Thursday, December 16, 2010

Facing down my fears

The nights will be sleepless, the work will be demanding, what am I thinking? I'm graduating from college. I'm moving to Salt Lake City. My family will be 2000 miles away, all my family. Most of my friends will be in Idaho, four hours away. My connections? Not many. Man prospects? None. Money? Hardly any.

What am I thinking? Can shy little Kaitlin do this? How many people could do what I am doing? Or maybe the question is: How many people with my mentality could do this? I'm shy, self-conscious, and naturally an introvert.

A lot of things frighten me, so what am I thinking?

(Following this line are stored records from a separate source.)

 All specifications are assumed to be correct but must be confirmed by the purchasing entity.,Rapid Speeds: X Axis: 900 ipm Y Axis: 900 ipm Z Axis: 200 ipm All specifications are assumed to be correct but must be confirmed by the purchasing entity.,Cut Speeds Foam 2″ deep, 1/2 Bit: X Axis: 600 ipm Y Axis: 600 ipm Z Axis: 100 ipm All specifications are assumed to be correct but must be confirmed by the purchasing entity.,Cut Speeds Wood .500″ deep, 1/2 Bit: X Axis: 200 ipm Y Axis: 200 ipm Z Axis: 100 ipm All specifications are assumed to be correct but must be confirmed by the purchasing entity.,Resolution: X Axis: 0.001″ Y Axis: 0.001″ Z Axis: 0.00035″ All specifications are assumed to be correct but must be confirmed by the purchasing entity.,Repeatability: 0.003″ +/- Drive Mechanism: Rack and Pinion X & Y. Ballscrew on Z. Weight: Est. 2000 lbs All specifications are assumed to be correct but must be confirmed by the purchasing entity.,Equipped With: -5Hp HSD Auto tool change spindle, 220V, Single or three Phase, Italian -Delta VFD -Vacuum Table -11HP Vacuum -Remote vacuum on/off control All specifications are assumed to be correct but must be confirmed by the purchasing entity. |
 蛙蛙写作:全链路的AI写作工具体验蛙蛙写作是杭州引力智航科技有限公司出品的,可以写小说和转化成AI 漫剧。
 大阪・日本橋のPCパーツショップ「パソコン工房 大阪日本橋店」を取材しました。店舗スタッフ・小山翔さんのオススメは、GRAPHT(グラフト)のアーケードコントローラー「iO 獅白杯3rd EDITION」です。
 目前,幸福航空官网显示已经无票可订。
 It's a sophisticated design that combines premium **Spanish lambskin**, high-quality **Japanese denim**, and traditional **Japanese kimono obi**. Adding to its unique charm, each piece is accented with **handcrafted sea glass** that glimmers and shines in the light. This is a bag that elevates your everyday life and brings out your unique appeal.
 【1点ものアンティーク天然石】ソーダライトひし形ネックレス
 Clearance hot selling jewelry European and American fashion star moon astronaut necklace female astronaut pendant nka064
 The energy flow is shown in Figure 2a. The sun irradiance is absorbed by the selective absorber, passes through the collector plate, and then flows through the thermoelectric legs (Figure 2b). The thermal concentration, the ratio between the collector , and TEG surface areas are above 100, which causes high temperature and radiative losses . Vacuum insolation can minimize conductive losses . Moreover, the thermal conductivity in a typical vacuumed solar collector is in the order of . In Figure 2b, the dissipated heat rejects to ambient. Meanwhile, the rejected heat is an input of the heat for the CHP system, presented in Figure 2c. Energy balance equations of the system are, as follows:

Fear. I'm thinking of fear. I'm so afraid of it all. I'm most afraid of being a disappointment at my job and after that I'm afraid of coming home and being alone.

I think of my lonely trips to the grocery store, the library, the park, the ice-rink. I think of all the times I'll reach for the phone looking to call someone for comfort, looking to hear words of love. And then I'll think of all the people I can't call because they don't want to hear from the lonely single girl or because I don't want them to know how dull my life truly is. They're happily married, they have a social life, they have purpose in their life, people to live for. I don't even have a pet to live for.

I think of all this and I feel empty. I feel confused. And again it comes back to fear, fear, fear, fear. I take this internship, not because I have to, not because I have no choice, not because its expected. I take this internship because I fear what comes with it. I fear. I fear. I fear. But God counsels us not to fear and if I have faith I shall not fear.

So what do I do? I push all these fears from my mind. They are put there to slow me down. They are put there to hinder me. They serve no purpose. I don't need a pity party for me. I need to grow-up. Everyone has different trials-- some more than others. This is my trial and if I handle it well then I will be given even more trials. What am I proving to God when I succumb to my fear, when I choose sin over righteousness? I prove nothing. I show no love. I tell him that I can't handle the trials he's given me. Do I want God to take it easy on me? No. I want him to know that its difficult, its hard but for him I will do anything.

I will face down these fears, these trials. I have no right to feel fear, to be ungrateful, to have doubts. This is an amazing opportunity that has been given to me. I need to take it and make the most of it.

No more fear. No more doubt. I simply must rely on God and do what I know is right. The end.

1 comment:

  1. Welcome to Salt Lake! You'll make friends quickly here for sure. Let me know if you need any help with housing!